Changer le monde, un site à la fois…


Perl scripts for NooJ-oriented linguists

developed by François Trouilleux

While working on the DM, I wrote a few Perl scripts to deal with the dictionary. I think some of them might be useful to the NooJ community. Their functionality is briefly described below.
I would be glad to share these programs, but I do not make them directly available for download, and rather ask interested people to
contact me. The reason is these little programs have been designed for my specific needs and tested on but one dictionary ; I do not consider them good enough for a more formal release.
Given a NooJ inflected dictionary, this program produces a copy in the lexc format of the Xerox Finite State Tool (XFST) (cf., e.g for the DM : dm-lexc_sample.txt.
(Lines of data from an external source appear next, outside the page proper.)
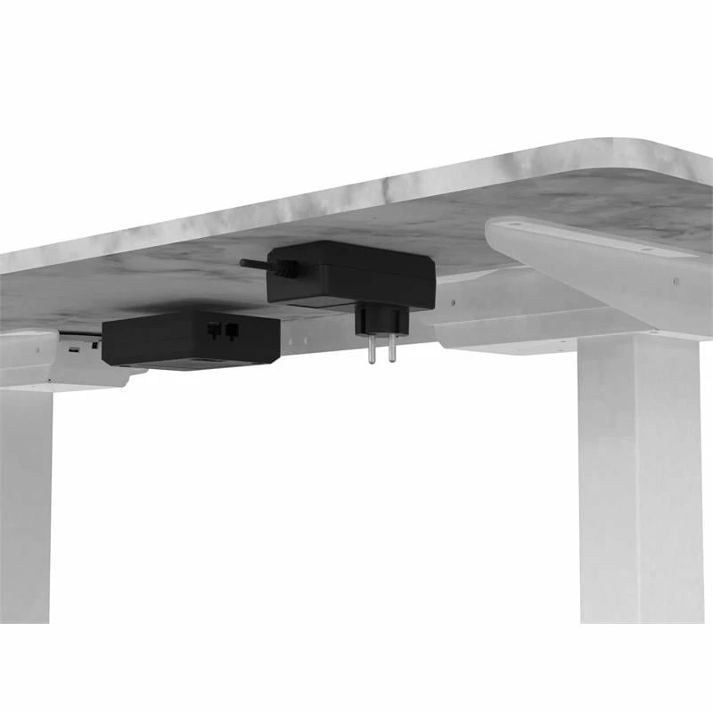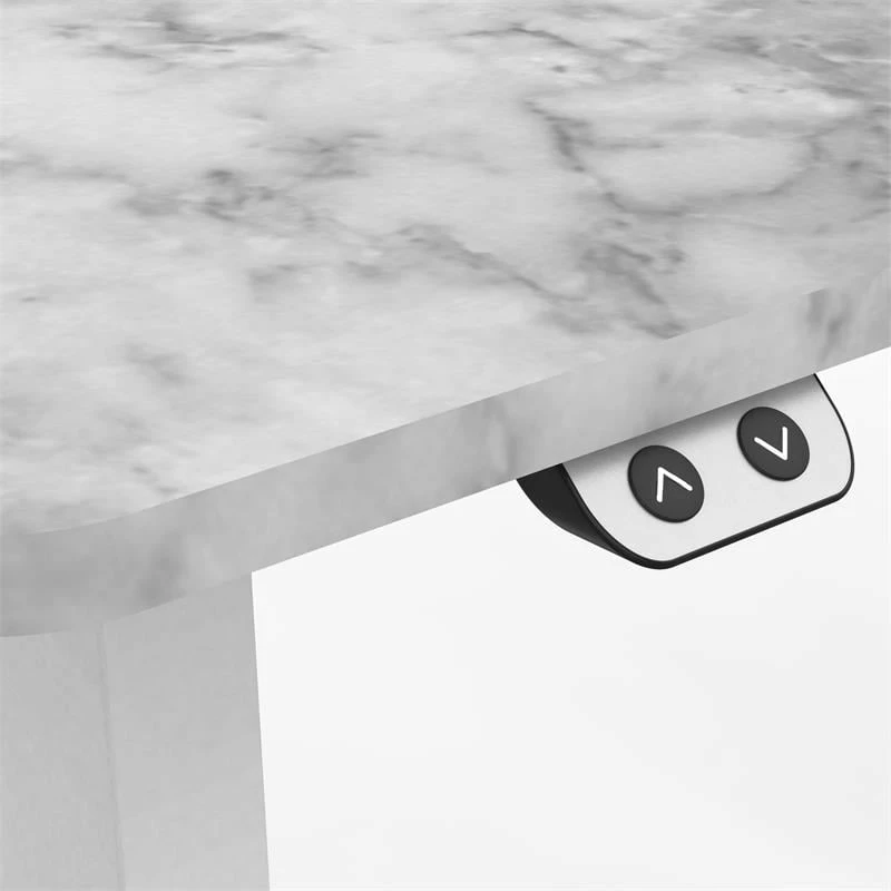 Upgrade your home office space with a functional and health-conscious adjustable natural and white desk. Sitting for hours and hours adds tension to your neck, back, and waist. This wood and metal desk allows you to switch back and forth between positions at a click of a button. Steel frame provides a durable workspace. Multiple uses include use for a virtual learning desk and a homework station.
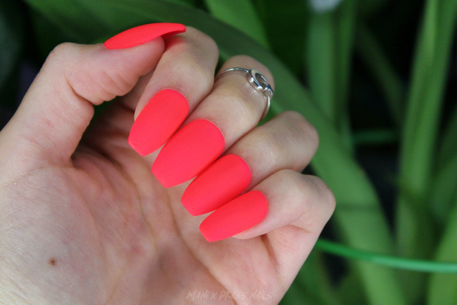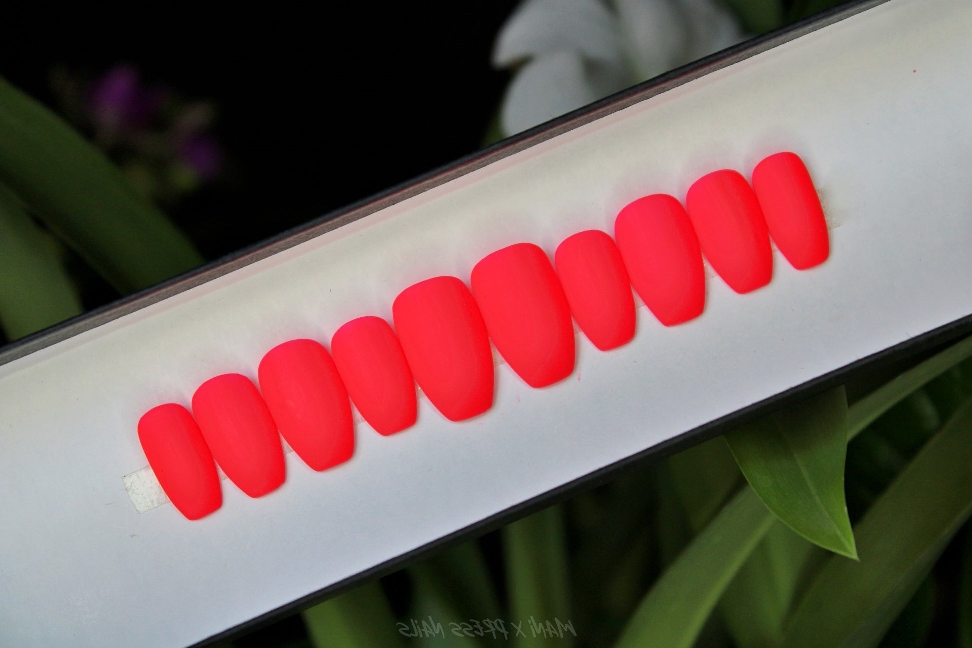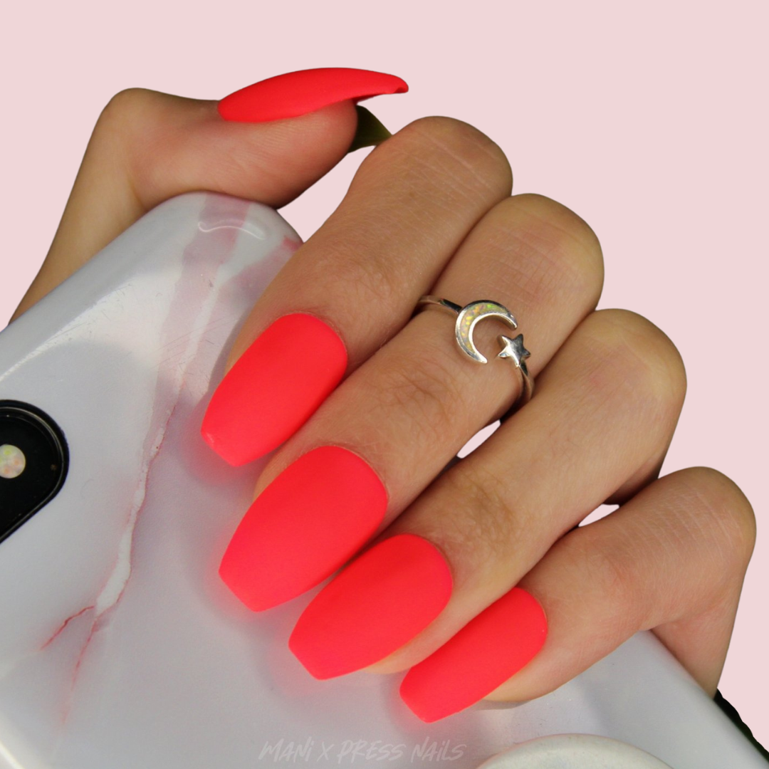 NEON RED WITH A HINT OF PINK PRESS ON NAIL SET
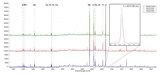 LIBS spectra acquired on the CRUZ1 sample. Comparisons among the spectra acquired on core (blue), intermediate (red), and rim regions (green) are stacked. The main emission lines of H, Li, Na, Al, Si, Ca, and Mn are indicated. The Li emission line at 670.706 nm in the enlarged detail shows different intensities due to different Li₂O content.
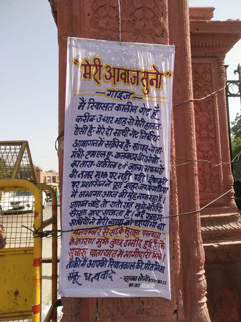 पब्लिक पार्क गेट की दुर्दशा पर प्रशासन का ध्यान आकर्षित करने का प्रयास पब्लिक पार्क में प्रवेश के लिए रियासतकालीन तीन दरवाजों में एक दरवाजा जर्जर होने की दशा में बेरिकेट्स लगाकर अरसे बन्द पड़ा है। जिला प्रशासन का मुख्यालय होने के बावजूद इस की सुध नहीं ली गई। आमजन को रोज जाम से गुजरना […]

You can then compile the dictionary with XFST and use all the functionalities of that platform.
Given a NooJ inflected dictionary, this program produces for each category the list of property values actually used in the dictionary, e.g for the DM (version 1.0.1) : dm-property_values.txt. Useful to spot typing errors on property values and if you want to make a properties.def file.
Given a non-inflected dictionary, this program produces a tabulation separated text table with 4 columns :
  • paradigm name,
  • categories the paradigm applies,
  • number of times the paradigm is used,
  • list of baseforms the paradigm applies to.
The list of baseforms may be limited to cases where it does not exceed some value. The text file may then be opened with MS Excel or Open Office Calc and used as a standard spreadsheet. E.g. with the DM, I obtain this Excel file (with max. 20 baseforms) : dm-modeles.xls.